Hanmi Financial Increases Cash Dividend 4% to $0.28 per share and Expands Repurchase Authorization
Rhea-AI Summary
Hanmi Financial (NASDAQ: HAFC) declared a cash dividend of $0.28 per share for Q1 2026, a 4% increase from the prior quarter, payable Feb 25, 2026 to holders of record as of Feb 9, 2026.
The Board also expanded its share repurchase authorization by 1.5 million shares, bringing remaining capacity to approximately 2.3 million shares (about 7.8% of shares outstanding as of Dec 31, 2025).
Positive
- Dividend increased by 4% to $0.28 per share for Q1 2026
- Expanded repurchase authorization by 1.5 million shares, total ~2.3 million
- Repurchase capacity represents 7.8% of shares outstanding as of December 31, 2025
Negative
- Repurchases may be suspended or terminated at any time due to market or liquidity conditions
- There is no assurance on the timing or amount of any share repurchases
News Market Reaction
On the day this news was published, HAFC gained 7.27%, reflecting a notable positive market reaction. Argus tracked a peak move of +3.0% during that session. Our momentum scanner triggered 17 alerts that day, indicating notable trading interest and price volatility. This price movement added approximately $54M to the company's valuation, bringing the market cap to $797M at that time.
Data tracked by StockTitan Argus on the day of publication.
Key Figures
Market Reality Check
Peers on Argus
HAFC fell 12.97% while key regional bank peers showed only modest declines (e.g., FSBC -1.06%, GSBC -1.70%, MCBS -1.84%). The magnitude of HAFC’s move appears more stock-specific than sector-driven.
Previous Buybacks,dividends Reports
| Date | Event | Sentiment | Move | Catalyst |
|---|---|---|---|---|
| Apr 25 | Buyback & dividend | Positive | +3.2% | Announced $0.25 dividend and new share repurchase authorization, stock rose 3.24%. |
Prior buyback/dividend news coincided with a positive price reaction, contrasting with the current sharp pre-announcement decline.

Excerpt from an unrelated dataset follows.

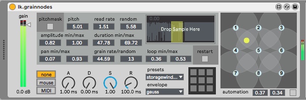 | Description: | Mac OSX only. Save 9 presets of granular synth parameters and interpolate between them using a 2D node space. Makes it possible to manipulate many parameters simultaneously using simple intuitive mouse gestures. Comes with a glitchy sample and 9 presets loaded, so after installing just click in the node space to start making crazy sounds right away! *** update mar 7, 2021 - v.1.1: presets are now stored with the live set without having to save or load a .json file. you will still be prompted to save the .json before quitting the set but it's not necessary. however doing so will allow you to reuse the presets in other sets or swap different presets in the same set. |
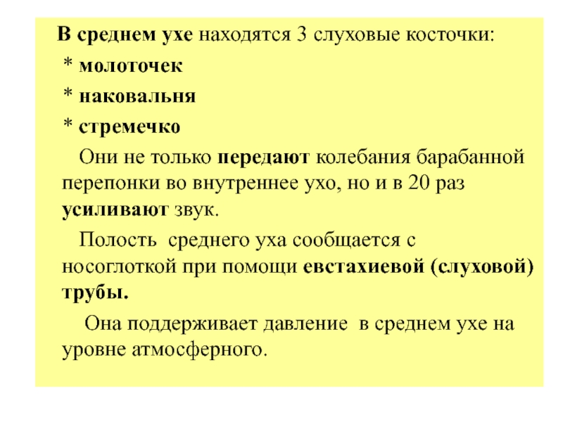 Слайд 6 В среднем ухе находятся 3 слуховые косточки:

Over recent quarters, Hanmi delivered improving results, with Q3 and Q4 2025 earnings showing higher net income and expanding margins, alongside ongoing dividends and share repurchases. A prior buybacks,dividends announcement on Apr 25, 2024 with a $0.25 dividend and new repurchase authorization prompted a 3.24% gain. Subsequent filings highlight continued dividends (e.g., $0.27 in Q4 2025) and buybacks, framing today’s higher $0.28 dividend and expanded authorization as part of a consistent capital return strategy.
Historical Comparison
In the past, HAFC’s buyback/dividend news on Apr 25, 2024 saw a +3.24% move. Today’s pre-news -12.97% drop marks a sharp divergence from that pattern.
Capital returns have trended higher, with dividends rising from $0.25 (2024) to $0.27 (Q4 2025) and now $0.28, alongside recurring share repurchase authorizations.
Market Pulse Summary
The stock moved +7.3% in the session following this news. A strong positive reaction aligns with Hanmi’s pattern of favorable responses to capital return announcements, such as the prior +3.24% move on a buyback/dividend update. The enhanced $0.28 dividend and authorization covering about 7.8% of shares could have reinforced confidence in earnings durability. However, sustainability would depend on continued earnings strength and consistent execution of repurchases alongside prudent balance sheet management.
Key Terms
rule 10b5-1 regulatory
AI-generated analysis. Not financial advice.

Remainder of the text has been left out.